The UW South Madison Partnership on South Park Street is home to several nonprofit organizations – Madison365 among them – as well as the University of Wisconsin’s Odyssey Project, the Neighborhood Law Clinic, financial literacy classes, self-care classes and many other Community Engagement programs.
And now it reflects its community connection more than the average office building, thanks to bright and vibrant murals designed by community artist Lilada Gee and painted by community members, alongside recently-installed photos by Hedi Lamarr Rudd.
“I was really excited to get picked to do this project because I’m both a UW grad and a product of the south side of Madison,” Gee said. “And oftentimes, entities come into our community, but they don’t include us. So the ability to be able to include images of people of color in this space is just a joy for me.”
The murals, spread throughout the space in the reception area, atrium, hallways and daycare room, are designed in Gee’s signature style, and not only represent the community but the specific people in it.
“I think what really gets lost in community is that we are built of individuals. Individual experiences, individual needs,” she said. “And that’s one thing I want to have reflected in this project is that let’s not forget that each individual person in the community has an expression, has a need.”
To that end, the faces are modeled on those of Odyssey Project graduates and other community members. One is even modeled on Rudd.
“I think it’s very powerful and important,” said Brenda Gonzalez, UW director of community relations. “What we hear very often from many people that visit our space is that we needed a little bit more homey, more welcoming features, and art that will feel like we’re here in community and welcoming community as well.”
The space was buzzing Thursday with a cadre of painters filling in the murals in vibrant colors donated by PPG Industries, a company that manufactures paint and other coatings.
“The PPG concept was to do kind of like a paint by number, which is super fun, but really different as an artist to kind of almost like turn my babies over to somebody else,” Gee said.
Many of those painting Thursday were people of color from UW, like computational chemist Desiree Bates.
“I think it’s important for kids to see color and people of color in everyday lives,” Bates said. “And so this is a really good way to promote women of color artists while still making and normalizing all different nationalities, in art and in everyday lives.”
“You just get the urge to help,” said Shannon Brown, a graduate student in the Chemistry Department and the Bridge Program. “People are also helping me. And so if I continue this cycle, then it’s only fair.”
Gee said she also appreciated white folks chipping in.
“I’m hoping that appreciation of the beauty and the strength of these women is being seen through their eyes as they’re kind of having that hands-on experience of bringing them to life,” she said.
Gee’s journey to becoming a well-known community artist has been a quick one. After decades of leading nonprofits dedicated to helping Black women and girls through trauma, she just started publicly sharing digital artwork in 2018.
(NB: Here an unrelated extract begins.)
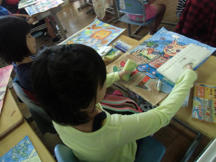 読書感想画(3年生) 心に残った物語を絵に表しています。大胆な構図と丁寧な彩色に心がけています。

Just a few years later, she’s an in-demand artist around the area.
“I feel deep gratitude. And I feel it’s been God’s blessings,” she said. “Art is something that I did as a child when I was going through trauma. And I didn’t realize it at the time, but it was something that helped to sustain me during that difficult time. And then later in life, I didn’t think art was something that I could do as a job. Later in life, art came back to me as I was doing trauma work with kids, and I needed something to help kind of help me work through those feelings, how you leave it at the end of the day. And so I started doing art again. And so I really credit the young girls that I work with, who shared their stories and experiences with me, who brought me full circle back to art as a healer.”
Gee credits the State Street mural project – when the City of Madison invited artists to beautify the boarded-up storefronts following Black Lives Matter protests in 2020 – with taking her work “to the next level.”
“I was initially doing this digital art, and when (City of Madison Arts Program Administrator) Karin Wolff called me from the city to see if I would do a mural, I said yeah, but I didn’t own a can of paint. I didn’t own a brush. I probably hadn’t physically painted since I was in middle school. But I knew I was supposed to say yes,” Gee said. “I want to encourage people, young folks in particular, say yeah to things that you don’t feel perfect at, and just keep doing it. Keep doing it. And I learned so much from the young artists that I work with down on State Street, and so now I’m here and it’s a blessing. That’s all I can say.”
Gee’s murals and Rudd’s photos can both be seen during business hours and most weekends at the UW South Madison Partners, 2236 South Park Street in Madison.